Rater-based judgments are widely used in graduate medical education to provide more meaningful assessments, despite concerns about rater reliability.

Objective

We introduced a statistical modeling technique that corresponds to the new rater reliability framework, and present a case example to provide an illustration of the utility of this new approach to assessing rater reliability.

Methods

We used mixed-effects models to simultaneously incorporate random effects for raters and systematic effects of rater role as fixed effects. Study data are clinical performance ratings collected from medical school graduates who were evaluated for their readiness for supervised clinical practice in authentic simulation settings at 2 medical schools in the Netherlands and Germany.

Results

The medical schools recruited a maximum of 30 graduates out of 60 (50%) and 180 (17%) eligible candidates, respectively. Clinician raters (n = 25) for the study were selected based on their level of expertise and experience. Graduates were assessed on 7 facets of competence (FOCs) that are considered important in supervisors' entrustment decisions across the 5 cases used. Rater role was significantly associated with 2 FOCs: (1) teamwork and collegiality, and (2) verbal communication with colleagues/supervisors. For another 2 FOCs, rater variability was only partially explained by the role of the rater (a proxy for the amount of direct interaction with the trainee).

Conclusions

Consideration of raters as meaningfully idiosyncratic provides a new framework to explore their influence on assessment scores, which goes beyond considering them as random sources of variability.

Introduction

Assessment of clinical performance of learners and physicians in a real practice context is critically important, but issues of reliability and feasibility make it a challenging task. Although the utility and the importance of alternative approaches to assessment, including workplace-based assessment, multisource feedback, and interprofessional teamwork assessments, are widely recognized, outstanding issues surrounding their reliability compromises the potential utility and adoptability of these methods for summative assessment purposes.^1,2

Recently, normalization of ratings data has been proposed as a way to reduce bias, but this approach still does not address how to best interpret and investigate the sources of these inconsistencies.³ In a recent review, Gingerich et al⁴ introduced 3 perspectives, 1 of which is “the assessor as meaningfully idiosyncratic.” Specifically, rater perceptions of a trainee's performance are based on outcomes of complex interplay between the trainee, the rater, and the environment.^5–7 Accordingly, the various observers interacting with residents will be privy to different sets of observations, depending on their role and interaction with the trainee. Recent studies by Govaerts et al⁸ and Gingerich et al^4,9 provide greater insight into the underpinnings of rater behavior to help understand that what appears to be idiosyncrasies, on closer examination may reveal more systematic features of rater perception. In alignment with this view, we believe these idiosyncrasies should be accommodated and may reflect important differences.^10–12

From a traditional psychometric view, idiosyncrasies in ratings reduce reliability, and should be minimized through various methods (ie, rater training, consensus rating). Contrary to this view, we propose that instead of trying to decrease diversity of perspectives, the reliability estimates should allow for this variability, and encompass rater factors (ie, rater characteristics) to help explore and examine the idiosyncrasies. The inclusion of rater factors into the reliability estimate provides several advantages: (1) it allows for variability of raters without arbitrarily forcing the ratings to consensus; (2) it helps explain the sources of variability in the performance ratings; and (3) it may increase overall reliability. We propose using a mixed-effects model to incorporate both random effects for raters and systematic effects of rater characteristics (ie, rater role, rater experience, rater conditions, etc) as fixed effects to gain more detailed information around rater variability.

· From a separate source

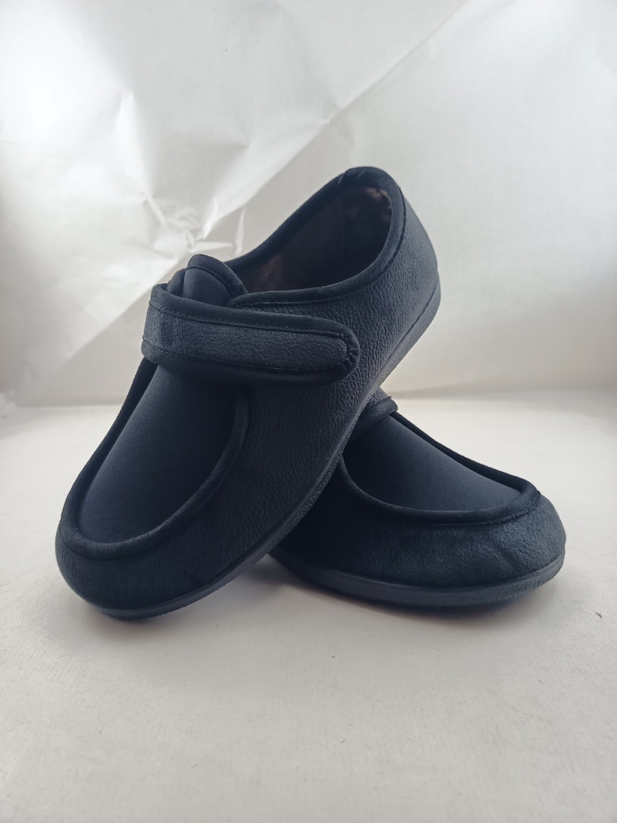 Alpargata sintetica negra con cierre de velcro y suela de goma, forro y plantilla textil.
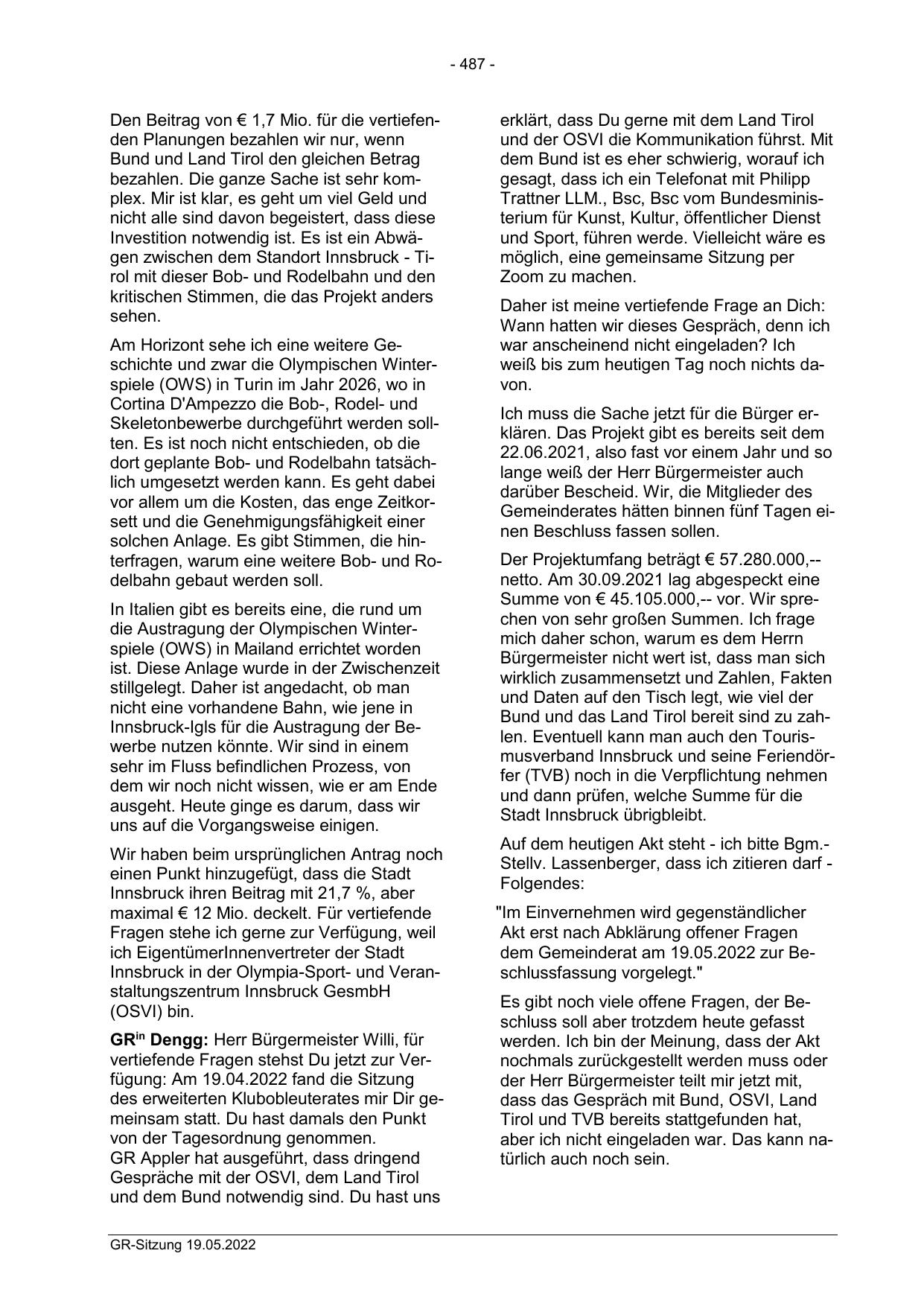 Investition notwendig ist. Es ist ein Abwägen zwischen dem Standort Innsbruck - Tirol mit dieser Bob- und Rodelbahn und den

In this article we introduce a statistical modeling technique that corresponds to this new rater reliability framework using a case example as an illustration of the utility of this new approach.

Methods

To explore the effect of including rater descriptions on the reliability estimates, we used clinical performance rating data collected from recent medical school graduates evaluated for their readiness for supervised clinical practice in authentic simulation settings in the Netherlands and Germany. A brief description of the study setting and assessment procedure is provided in the sections that follow; a more detailed information is provided in Wijnen-Meijer et al.¹³

Setting

The graduates who had just completed undergraduate medical education at medical schools in Utrecht, the Netherlands, and Hamburg, Germany, participated in a simulated environment in the role of a beginning resident on a busy inpatient unit. The assessment consisted of 3 phases. First, graduates encountered 5 standardized patients (SPs) portraying patients with uncommon medical problems who had just been admitted to the hospital. In the second phase, after the patient encounters, graduates were given time to request lab results and gather additional information to determine differential diagnoses along with a management plan for each patient to present to the supervisor at the end of the day. During this phase, graduates also were given the opportunity to call their supervisors by phone if needed, and they also had a brief face-to-face meeting with the supervisor to discuss progress. During the third phase, graduates were given 30 minutes to present their differential diagnoses and management plans for the 5 SPs.

Participants

Each of the 2 schools recruited a maximum of 30 graduates from each institution, representing 50% out of 60 and 17% out of 180 eligible candidates. Clinician raters (n = 25) were selected to participate in the study based on their level of expertise and experience. Each graduate was assessed by 3 raters, and the raters had 3 distinct roles: (1) acting as the graduate's personal supervisor during the assessment; (2) being present for the entire simulation and listening to telephone and face-to-face conversations between the supervisor and the graduate (but without direct contact with the graduate); and (3) observing the graduate only during the final reporting phase. The 3 role categories represent the rater roles typically encountered during graduate training, and were included in the analysis as fixed effects. All 25 raters participated in each of the 3 rater role categories by random rotation.

Assessments

Raters were asked to rate the overall performance on a 5-point scale from 1 (weak) to 5 (very good) on 7 facets of competence (FOCs) considered to be key components in making entrustment decisions by supervisors about the residents across 5 SP cases. The FOCs inform the evaluation of entrustable professional activities in the larger study, which also follows the 5-level entrustable professional activity supervision scale.¹³ The 7 FOCs that were rated included (1) scientific and empirical grounded method of working; (2) knowing and maintaining one's own personal bounds and possibilities; (3) teamwork and collegiality; (4) verbal communication with colleagues and supervisors; (5) responsibility; (6) safety and risk management; and (7) active professional development. All 60 trainees were rated on the 7 FOCs by 3 raters representing 3 different levels of interaction with the trainee.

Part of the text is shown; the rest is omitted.